Wow I'm really mad , I just got the smoker in the mail and in had no it or craft paper on secondary box, it was shipped as is. Well now my fathers X-mas gift is no surprise as he brought it in the house. Thanks a lot jannsnetcraft.com what great buisness practice send stuff 3 weeks before the holidays in its original package. Is it just me or does this seem to be very common sence stuff, not rocket science. Sorry had to vent, I called and reallt only thing they could say was sorry (we are stupid). I almost want to send it back, but my fathers face when he told me thanks, and I said for what, he said the smoker, I said darn it,LOL. Thanks for letting me vent I feel better, Victor


----------



## hawgheaven (Dec 6, 2007)

Yeah, that kinda sux, but look at it this way... now you know your Dad likes it and it doesn't have to be returned! You made his Christmas!!


----------



## dougbennett (Dec 9, 2007)

Having used both, I'd disagree with the person who says there's a learning curve for gas smokers. Today, for instance, I was doing a Butt. Other than mopping and adding water and wood, it was as simple as simple can be.
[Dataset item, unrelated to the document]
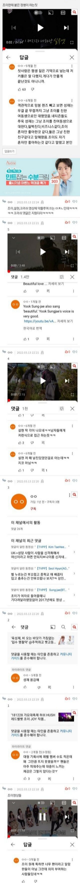 조이가 ㄹㅇ 고소해야지 솔직히 조이가 뭐 나온게 있냐 탈덕수용소 영상 댓글들 진짜 보면 기빨릴 정도야 인증 증거 하나없이 내가 아는 사람이~ 아는 언니가~ 하면서 인성이 뭐니 성격이 뭐니 짭썰 파티에 남자를 어리고 늙고 안가리고 만나고 가스라이팅을 하고 어쩌고 저쩌고 진짜 미친년들 같음ㅋㅋㅋ 조이 인성 어쩌고 하면서 떠돌아다니는거 보면 그냥 유튜브 댓글. 커뮤니티 댓글. 블라인드 댓글. 인스타 가계정. 이런건데 솔직히 그런건 당장 나도 쓸 수 있음 잘못한 거 하나 없는 사람 그냥 본인들 재밌다고 짭썰 공유하고 이야기 지어내서 까는거 진짜 없어보임

And, with a gasser, you can bring the temp right back to 225 with a flick of the wrist. 

Get thee to Wal-Mart and get a propane GOSM for about $100.


----------



## pescadero (Dec 9, 2007)

I didn't see this until it was too late for me to say anything.  Hope you are happy with this choice.  I have both Little Chiefs and Big Chiefs.    Love the Little Chief for Low and Slow Salmon and shellfish.  In my opinion, Big Chief is too hot for traditional Smoked Salmon.  And, neither one have any controls.  You get the factory setting and that is it.  Both are too low for good Poultry and Big Chief is too hot for Fish.

I love mine because they are dedicated to specific uses and are perfect for those.  I just don't think either model is a good all around smoker.  I think there are lots better choices out there.

PM Navionjim and ask him about them.  He is currently in Texas.  But, he is a Pacific Northwest boy and grew up with these smokers, back when they were the only option.  We both did.  In fact they were designed and produced just up the Hwy about an hour.  .  .  back in the day.

You know the standard disclaimer applies.  "This is just my opinion and YMMV".

Skip


----------